卓文迢倚着门框,泪如雨下,几乎站立不住,韩文珏跪在床边,抓着姐姐冰凉的手,一声声“姐姐”喊得令人心碎,下人们皆垂首默立,一片哀戚.
而此刻,徘徊在韩府之外阴影中的李相夷,听着府内隐约传来的痛哭之声,看着那彻底取代了红绸的素白丧幡,最后一丝支撑着他的力气仿佛也被抽空.
喉头一甜,又是一口鲜血溢出,眼前阵阵发黑,靠着墙壁缓缓滑坐在地,意识逐渐模糊,身体的重伤与心灵的巨创,终于将他彻底击垮.

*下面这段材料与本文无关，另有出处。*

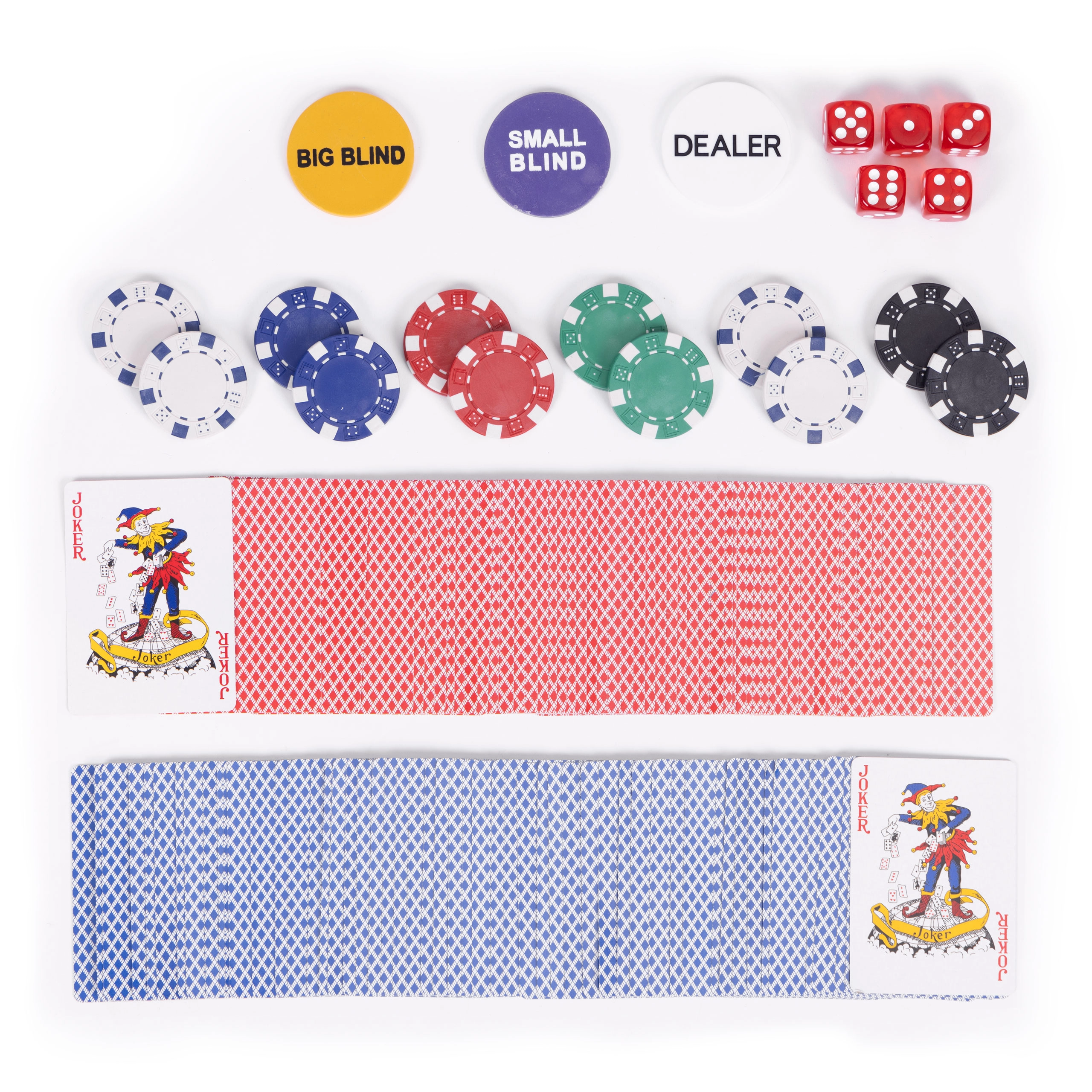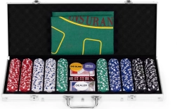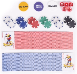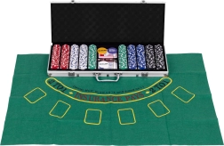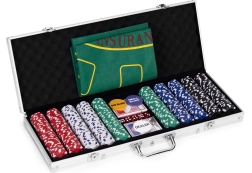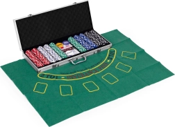 Ietver 500 žetonu, 2 kāršu kavas, kauliņus un spēļu paliktni. Tas viss ērtā, slēdzamā koferī.

靠着墙壁缓缓滑坐在地,意识渐渐模糊,身心俱碎的他,最终心如死灰地转身离去.
就在他转身的瞬间,一个身着墨色长衫、头戴斗笠的身影自长街尽头缓缓走来,那人停在韩府门前凝神细听,随即快步踏入府中.
黄泉路畔,迷雾深重.
无数茫然亡魂排成长列,向着奈何桥蹒跚而行,韩采薇的魂魄在人群中焦急穿行,一遍遍寻觅,却始终不见那抹熟悉的红衣.
韩采薇“相夷……”
轻声呼唤,声音在空寂中消散,正当绝望如潮水般涌来时,一道清矍身影破开迷雾,悄然降临.
来人身着青灰色布袍,虽看不清面容,却自带超然气度,无视周遭浑噩亡魂,目光精准落在韩采薇身上.
“姑娘.”女子声音温和,带着跨越时空的沧桑.
韩采薇茫然抬头,待看清来人容貌时,不由怔住,这张脸……她在家祠画像上见过千百回!
韩采薇“先祖?”
难以置信地轻唤,韩婼嫋唇角微扬,目光慈悲而温柔:“是我.”
伸出半透明的手,轻抚韩采薇脸颊:“好孩子,我终于等到你了.”
韩采薇“等我?”
“是啊.”韩婼嫋眼中泛起欣慰之色.
“你可是我韩家盼了四百年的最强暗主,怎能折在此处?”
这话如惊雷炸响,韩采薇蓦然想起家族那个古老预言——将会出现一位历经生死劫的暗主,带领韩家走向鼎盛.
“自你出生那日,我便在关注着你.”
韩婼嫋娓娓道来:“你五岁便能看懂账本,七岁指出铺子经营疏漏,十二岁开始协助家族经商……这些,我都看在眼里.”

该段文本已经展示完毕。